Babies are notoriously sensual beings, both dependent and hedonistic. Their helplessness and drive for pleasure represent an existential threat to the Puritanism of American elites. It is not surprising, then, that managing the development of children into successful adults dominates the ethos of PMC parenting. For them, the 40 percent of American children conceived outside of marriage and the upper middle class are deemed unworthy of collective attention or public concern. You don’t have to be a socialist to see the reproduction of class privilege played out in the most dramatic and extreme ways in childcare, children’s health, and children’s education.

In her bestseller Perfect Madness: Motherhood in an Age of Anxiety, Judith Warner decries the anguished, competitive perfectionism of contemporary upper-middle-class motherhood. Since Warner published her book in 2006, the anxiety she describes has only intensified. Megan Erickson argues that these anxieties and fears are not unjustified, “given the increasing stratification even within the top 1% of the country’s earners as the 2008–2009 financial crisis has only exacerbated the class war that those on top wage against all those below them.” Parenting fads have become hot commodities in America’s wealthiest neighborhoods. Perfectionist PMC parents are crusading class formation pioneers: they will not hesitate to humiliate nannies, babysitters, teachers, grandmothers, and other parents about the horrific effects of vaccines, screen time, tickling, dolls with faces, video games, cigarette-shaped candy, or sugar in general. With COVID-19, children of the wealthiest Americans who are enrolled in private schools enjoy full-time private tutors and smaller class sizes on Zoom and/or in person, mitigating risk and maximizing stimulation and education.

Around 1900, the emerging PMC became concerned with children’s welfare from a public policy standpoint. As Judith Sealander notes, social reform movements promoted a powerful vision of the role of government in redressing social ills, especially when it came to childcare and maternal health. But as the twentieth century came to an end, PMC elites became fully neoliberalized and joined their voices to the right-wing denunciation of “big government” and its allegedly debilitating “handouts.” Bill Clinton’s Personal Responsibility and Work Opportunity Act of 1996, or welfare reform, inaugurated a relentless war against the youngest, the poorest, and the most vulnerable people in the country. To qualify for welfare, the poorest American mother had to find a job and keep it, even though she could not afford childcare on her meager salary. Austerity and “personal responsibility” have been the sigils under which benefit-cutting austerity policies were forged to torture those who had the least in an affluent society. In the United States, there is always enough for tax cuts for the rich and never enough money for social programs for children and their caretakers. In matters of child welfare, the PMC elite believe that the social surplus, or surplus value generated by the totality of economic activity, should be enjoyed by the children of the wealthy few, while the majority of working-class and working-poor children and their caretakers are consigned to lives of punishment, surveillance, and parsimonious rewards.

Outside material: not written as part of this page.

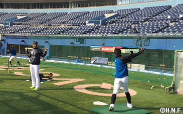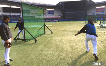 千葉ロッテマリーンズとの開幕戦を翌日に控えた3月24日(木)、北海道日本ハムファイターズはQVCマリンフィールドで前日練習を行いました。23日の練習で守備の連係などを確認していることもあり、この日は打撃練習を中心としたメニューを消化。約2時間にわたって汗を流し、2016年のスタートに備えました。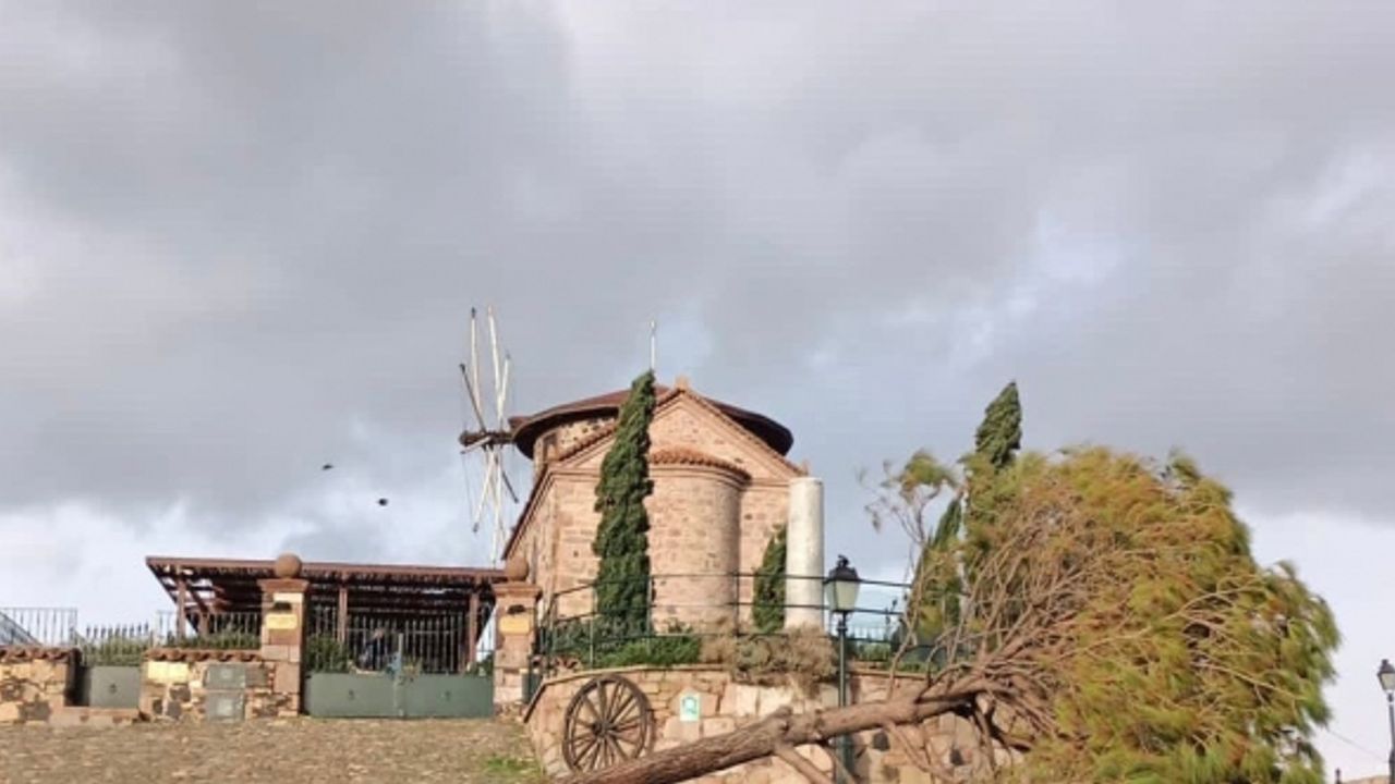 Cunda Adası sahilindeki işletmelerin tabelalarıyla kapı önlerindeki masa ve sandalyeleri uçuran fırtına nedeniyle adada bazı ağaçlar da devrildi.

In his enduring best seller Baby and Child Care, first published in 1945 as the baby boomers were taking their first baby steps, Benjamin Spock advised anxious postwar parents to trust themselves with their babies. Dr. Spock became one of the most influential experts in child-rearing for post–World War II America. Popularizing psychoanalytic ideas about pleasure and projection, he played a critical role in the formation of new PMC identities. Spock advocated against traditional ideas about infant discipline and told young, newly prosperous blue- and white-collar parents to trust themselves with their babies. Despite the fact that Spock warned parents against faddish child-rearing counsel, his own advice was packaged in a popular book that has been hailed as the American twentieth century’s second best seller, after the Bible. Dr. Spock was also an outspoken, anti–Vietnam War, New Left activist. Conservatives blamed him for fomenting counter-cultural revolt and encouraging young people to be self-indulgent rebels since their Dr. Spock–reading parents had not disciplined them as infants. His advice, however, had a paradoxical tone, familiar to consumers of self-help literature. Dr. Spock reminded his readers relentlessly that they were the ones in the know. “You can read books and articles, but the main way you will learn is to be observant in a meaningful way. That means spending time, looking and listening to your baby, not just feeding and cleaning him . . . and then trusting yourself. Because you do know more than you do.”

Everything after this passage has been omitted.